There’s only one front page, and there’s almost always more than one story on it. Our clients need to be able to absorb the lead story and the other front-page stories quickly, so we need to be able to provide headlines, lead paragraphs, and details in appropriate proportions. See an example front page here, with details that follow.

Very infrequently, serious newspapers give their entire front page to a story. In those cases, it’s usually an overwhelmingly important story, or one that threatens the newspaper or journalism itself.

The most compelling stories are those that have an impact on people. Although product problems are often technical in nature, the “making sense” part of the showstopper decision is focused on the business. Testers must to be able to connect technical problems with business risk. Problems related to technical correctness are often easy to describe, but they might not be important. The skill of bug advocacy—making sure that the customer is aware of the best possible motivations for fixing the bug—depends on your ability to report the bug in terms of its most significant effect on the business. Ben Simo has a lovely way to sum this up. Early in his career, when Ben was trying to advocate a bug fix, his project manager said, “Revenue is king. Liability is queen. Tell me how this bug impacts them.”

The number of stories usually isn’t as important as the significance of the stories. This is another way in which test reports can be like newspapers. We don’t usually evaluate the quality of a newspaper by the number of stories in it. Instead, we look at the significance, relevance, and credibility of the stories.

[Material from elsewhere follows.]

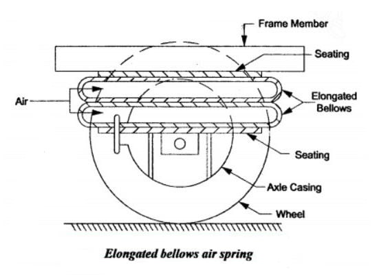 当空气悬架应用于车辆后轴时,采用了拉长风箱式空气悬架系统。这些就像波纹管式弹簧,但在形状上近似矩形,有两个半圆形的末端。这些肘形结构连接在后轴和车架之间。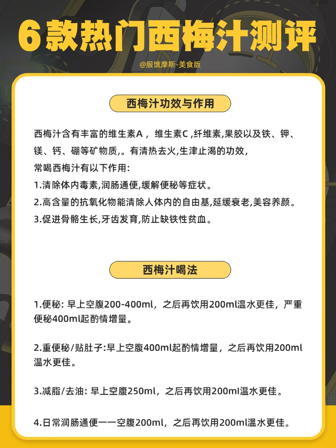 1.便秘: 早上空腹200-400ml,之后再饮用200ml温水更佳,严重便秘400ml起酌情增量。

It may take time to distinguish between a breaking story and a major story. Sometimes the news cycle doesn’t afford time for investigation, even though the story might be important. Information gets passed around the project at various moments during the test and development cycle. Sometimes a discovery happens just before a meeting. Smart reporters know to balance urgency and restraint when there’s a breaking story. When I worked in commercial mass-market software in the 1990s, we sometimes discovered a terrible-looking problem a couple of hours before release. Such discoveries would trigger arousal (no, not sexual friskiness, but arousal in the psychological sense of being suddenly snapped awake and alert to danger). All of a sudden, we’d be noticing all kinds of things that we hadn’t noticed before, and most of them were non-problems of one kind or another. We were biased by fear. We called it the “snakes on everything” moment. When reporting, testers need to take stock of the emotional factors surrounding them, and report cautiously and accurate. An hour from now, an allegation or a rumour might be an important story—or it might be nothing.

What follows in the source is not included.